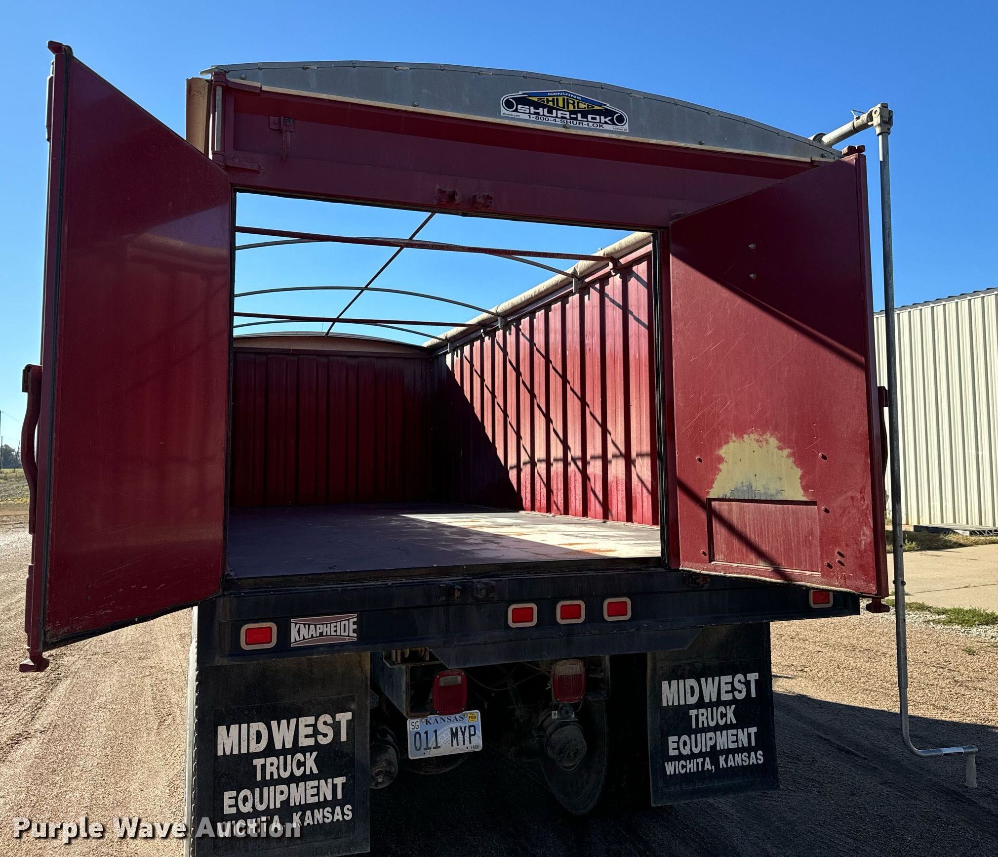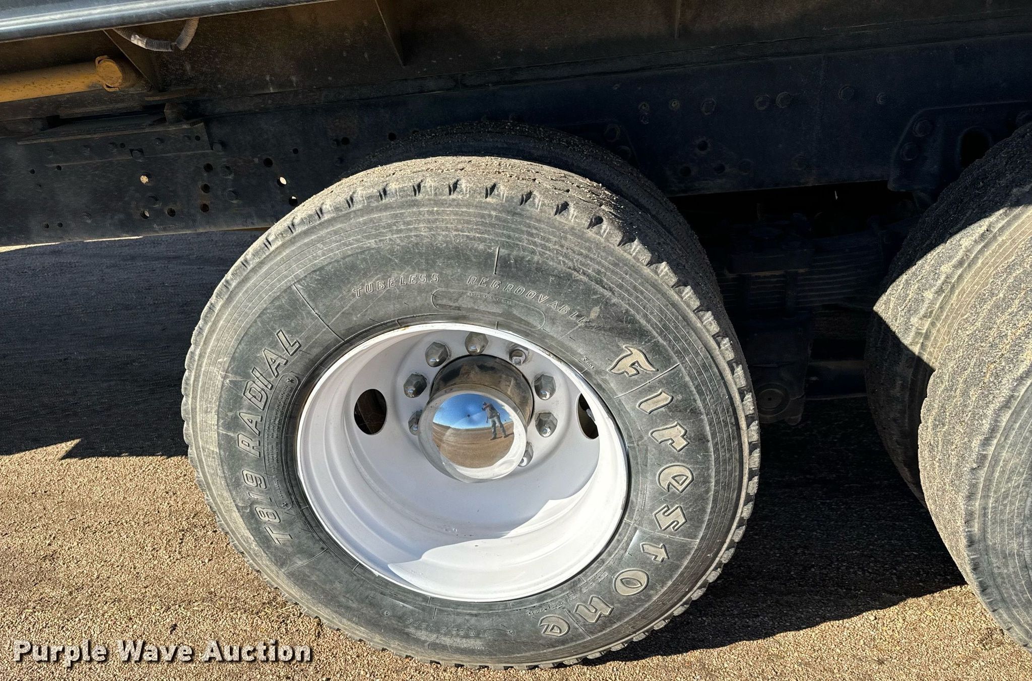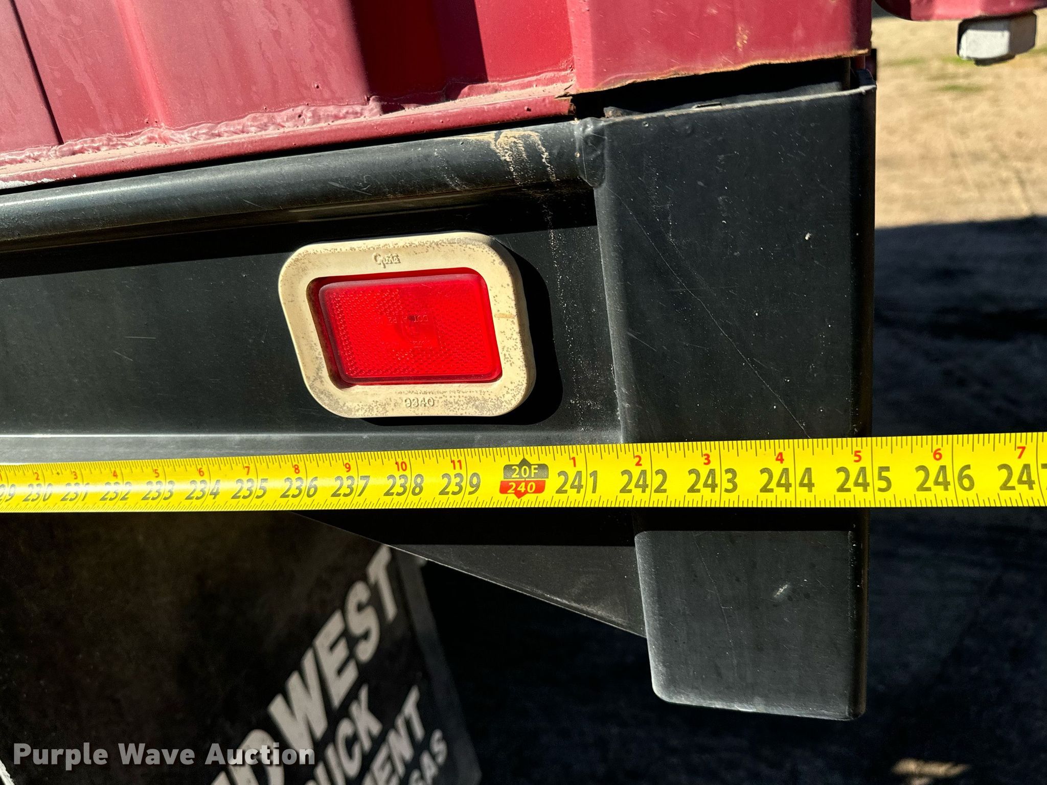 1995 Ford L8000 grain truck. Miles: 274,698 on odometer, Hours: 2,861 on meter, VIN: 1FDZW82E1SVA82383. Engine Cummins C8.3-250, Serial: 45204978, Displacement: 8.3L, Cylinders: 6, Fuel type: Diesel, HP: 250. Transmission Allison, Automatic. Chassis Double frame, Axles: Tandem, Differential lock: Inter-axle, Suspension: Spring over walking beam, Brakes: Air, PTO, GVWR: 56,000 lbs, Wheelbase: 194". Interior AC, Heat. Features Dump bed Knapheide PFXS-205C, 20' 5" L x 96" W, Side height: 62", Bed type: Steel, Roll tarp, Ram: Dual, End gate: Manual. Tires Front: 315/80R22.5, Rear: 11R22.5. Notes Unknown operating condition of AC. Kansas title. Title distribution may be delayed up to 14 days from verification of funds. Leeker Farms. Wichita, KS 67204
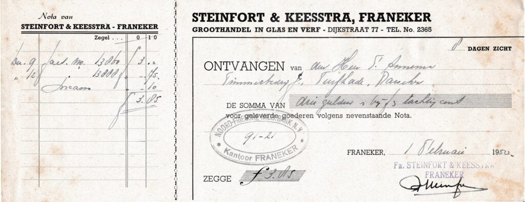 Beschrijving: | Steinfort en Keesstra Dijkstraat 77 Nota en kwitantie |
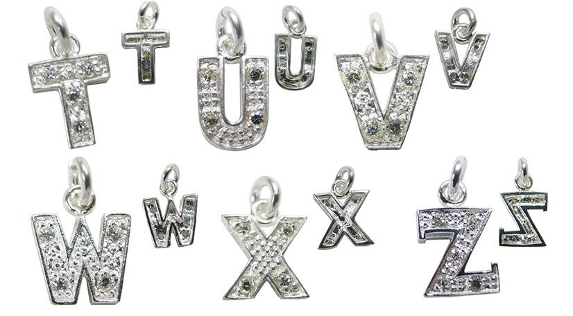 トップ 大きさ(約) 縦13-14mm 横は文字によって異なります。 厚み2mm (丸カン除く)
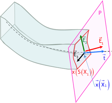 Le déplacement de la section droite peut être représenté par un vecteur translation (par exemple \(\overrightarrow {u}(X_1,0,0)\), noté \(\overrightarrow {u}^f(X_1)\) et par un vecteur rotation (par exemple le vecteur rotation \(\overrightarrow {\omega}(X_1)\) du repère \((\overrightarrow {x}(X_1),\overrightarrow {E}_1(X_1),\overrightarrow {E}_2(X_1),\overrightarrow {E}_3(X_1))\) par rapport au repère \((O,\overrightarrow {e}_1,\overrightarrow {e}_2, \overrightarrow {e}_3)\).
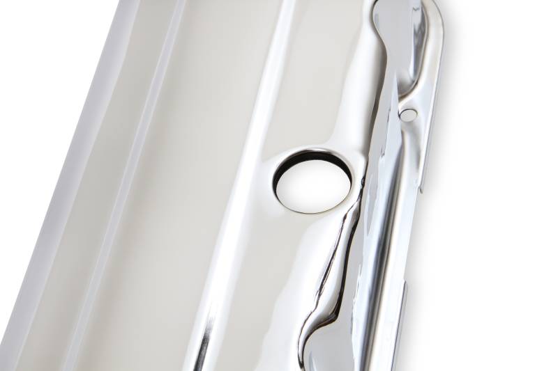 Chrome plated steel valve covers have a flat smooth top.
*-*-*
(ACTION ITEM)
With the pictures removed, print the entries above exactly.

(WRITTEN RESPONSE)
 1995 Ford L8000 grain truck. Miles: 274,698 on odometer, Hours: 2,861 on meter, VIN: 1FDZW82E1SVA82383. Engine Cummins C8.3-250, Serial: 45204978, Displacement: 8.3L, Cylinders: 6, Fuel type: Diesel, HP: 250. Transmission Allison, Automatic. Chassis Double frame, Axles: Tandem, Differential lock: Inter-axle, Suspension: Spring over walking beam, Brakes: Air, PTO, GVWR: 56,000 lbs, Wheelbase: 194". Interior AC, Heat. Features Dump bed Knapheide PFXS-205C, 20' 5" L x 96" W, Side height: 62", Bed type: Steel, Roll tarp, Ram: Dual, End gate: Manual. Tires Front: 315/80R22.5, Rear: 11R22.5. Notes Unknown operating condition of AC. Kansas title. Title distribution may be delayed up to 14 days from verification of funds. Leeker Farms. Wichita, KS 67204
 Beschrijving: | Steinfort en Keesstra Dijkstraat 77 Nota en kwitantie |
 トップ 大きさ(約) 縦13-14mm 横は文字によって異なります。 厚み2mm (丸カン除く)
 Le déplacement de la section droite peut être représenté par un vecteur translation (par exemple \(\overrightarrow {u}(X_1,0,0)\), noté \(\overrightarrow {u}^f(X_1)\) et par un vecteur rotation (par exemple le vecteur rotation \(\overrightarrow {\omega}(X_1)\) du repère \((\overrightarrow {x}(X_1),\overrightarrow {E}_1(X_1),\overrightarrow {E}_2(X_1),\overrightarrow {E}_3(X_1))\) par rapport au repère \((O,\overrightarrow {e}_1,\overrightarrow {e}_2, \overrightarrow {e}_3)\).
 Chrome plated steel valve covers have a flat smooth top.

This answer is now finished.